Чармиан подошла к каменному барьерчику, отделявшему тротуар от узкой полосы газона, сорвала покрытый снегом лавровый лист, подержала его в алых перчатках, а затем с наслаждением вдохнула его запах, словно аромат дорогих духов.

— Мы столько уже говорили об этом. Не надо больше. Не звони мне неделю или даже месяц, а потом просто приходи. Ты увидишь, я буду совсем-совсем другая.

— Он любит Лору?

— О да, да, очень. Ты не должен в этом сомневаться. Он обожает ее. Я думаю, это все, что его удерживает.

— Нет, его удерживают твои деньги, и ты, черт побери, прекрасно это знаешь. Долго ты еще собираешься содержать старуху?

Из тумана вынырнул автобус, светя огромными желтыми фарами.

Чармиан подняла руку.

— Прощай, — сказала она мне, вскакивая на подножку.

— Что ж, пусть будет по-твоему.

Она поднялась по ступенькам. Автобус задержался на остановке еще несколько секунд, но Чармиан даже не взглянула в мою сторону.

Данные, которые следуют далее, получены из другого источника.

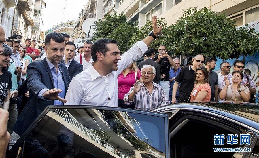 7月7日,在希腊首都雅典,希腊总理亚历克西斯·齐普拉斯(前中)离开一处投票站时向人们招手。 希腊7日举行议会选举,各党派角逐300个议席。 新华社发(帕纳约蒂斯摄)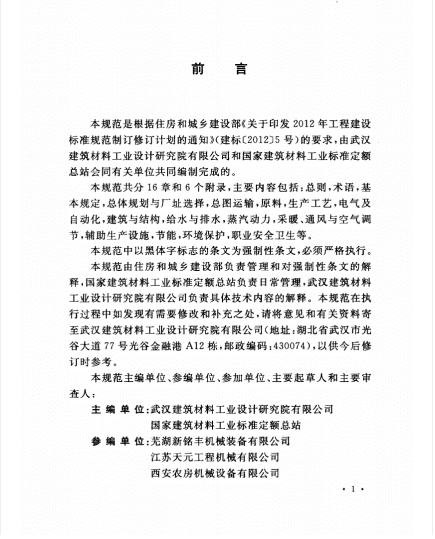 國標-加氣混凝土工廠設計規(guī)范主編單位頁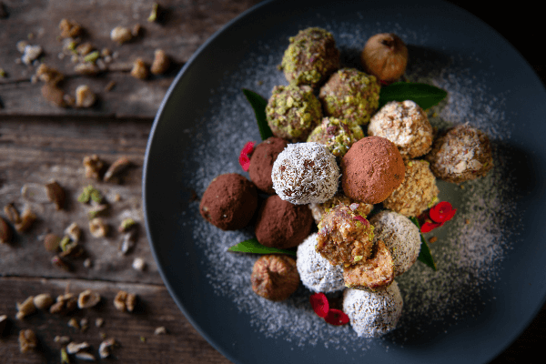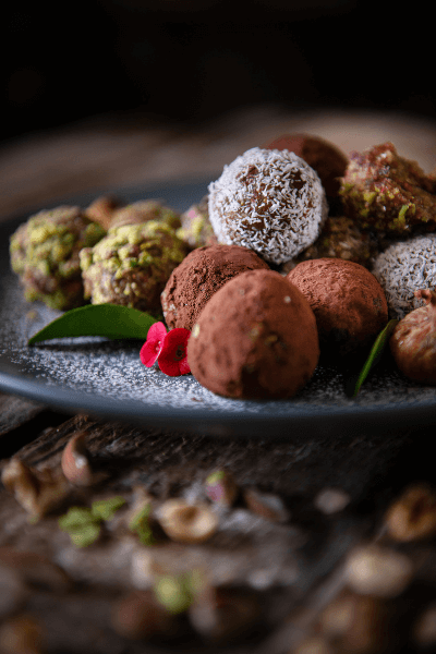 Τα προτεινόμενα τρουφάκια από σύκα και ξηρούς καρπούς παραλαμβάνουν την γλυκιά σκυτάλη τους από κάποια παραδοσιακά γλυκίσματα με βάση τα αποξηραμένα φρούτα, το μέλι, καρπούς, σουσάμι και γλυκό κρασί, σε διάφορους συνδυασμούς και σχήματα, όπως για παράδειγμα το γνωστό και αγαπημένο μας παστέλι. Ο Πτωχοπρόδρομος, ο Βυζαντινός ποιητής και συγγραφέας, που συνέταξε τον 12ο αιώνα σε δημώδη γλώσσα και σε δεκαπεντασύλλαβους πολιτικούς στίχους τέσσερα σατυρικά και επαιτικά ποιήματα, που είναι γνωστά με το γενικό όνομα Πτωχοπροδρομικά, στο Δ’ ποίημα αναφέρει μεταξύ άλλων: «Γαρύφαλλο, κανέλα, «και μέλιν εκ το ακάπνιν», σταφιδίτσες, ξερά σύκα μαζί με χουρμάδες, καρύδια, καρυδάτο γλύκισμα ολίγον και κυδωνάτο με την χύτρα», ενώ στο Γ΄ποίημα γράφει: «Τα καρυδάτα αρχόντισσες, εδώ τα σησαμάτα». Ο Αθήναιος στους Δειπνοσοφιστές αναφέρει επίσης όλα αυτά τα προϊόντα και πολλά άλλα, κάνει δε λόγο και για σφαιρικού σχήματος γλυκίσματα, τις σησαμίδες: «Σησαμίδες είναι γλυκίσματα με σφαιρικό σχήμα καμωμένα από μέλι, φρυγμένα σουσάμια και λάδι».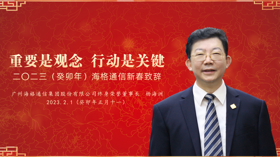 2023年2月1日,海格通信终身荣誉董事长杨海洲向全体海格人作题为《重要是观念,行动是关键》的新春致辞。
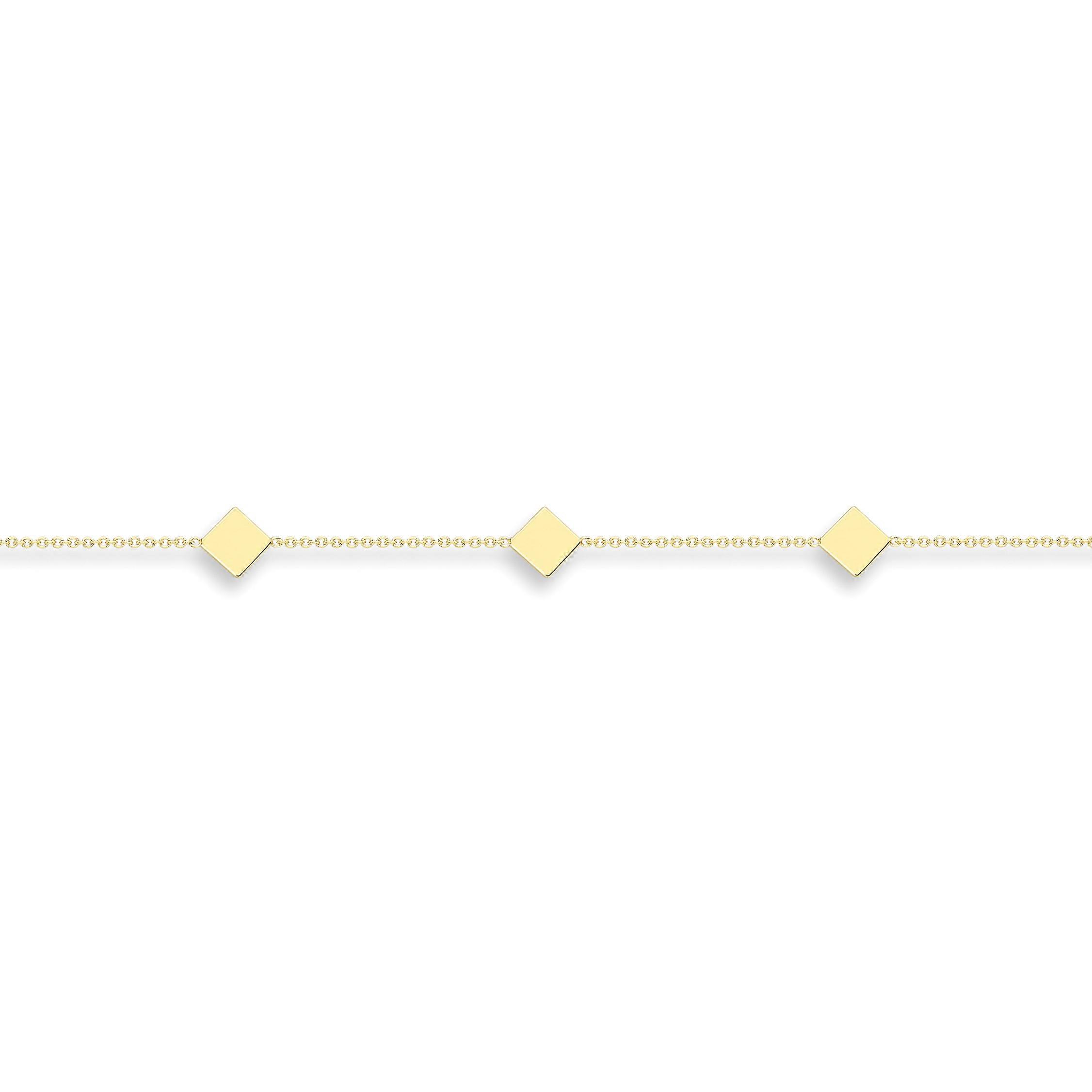 A classically simple design, this eminently wearable 9ct yellow gold bracelet features trace chain and six square elements, 5x5mm. Overall Dimensions: 190mm x 5mm x 5mm Height: 5mm Width: 5mm SKU: CANR02114-07

Я медленно брел домой, привыкая к неведомому мне чувству полной свободы. Я не испытывал никакой радости.

Нет Хелены, а теперь нет и Чармиан.

Я решил, что позднее позвоню ей и постараюсь все уладить. Нельзя, чтобы она одна несла бремя безрадостного и унылого существования, на которое решила себя обречь. Чармиан в свои двадцать четыре года, Чармиан, дочь Хелены!

Я вдруг вспомнил один эпизод. Это было много лет назад, когда Чармиан была подростком, девочкой лет двенадцати или тринадцати. Это было вскоре после того, как умерла Сесиль и я твердо решил, что останусь с Мэг, которую давно уже не любил. Мне казалось, что я должен поступить так, потому что она любит меня и не причинила мне зла. Помню, как Чармиан, положив мне руку на колено, попросила: «Не надо так грустить, — а потом сказала: — Всегда будет только Сесиль, да?» — Я был поражен глубиной ее недетской интуиции. Чармиан все поняла. Однако через минуту я уже журил ее, потому что считал ребенком, а ребенок не должен вмешиваться в дела взрослых. Да, детей надо оберегать. А Чармиан для меня по-прежнему оставалась девочкой-подростком, и мысль о том, что отныне она будет предоставлена самой себе, показалась мне такой же нелепой и чудовищной, как предположение, что можно оставить грудного младенца на скамье вокзала Ватерлоо.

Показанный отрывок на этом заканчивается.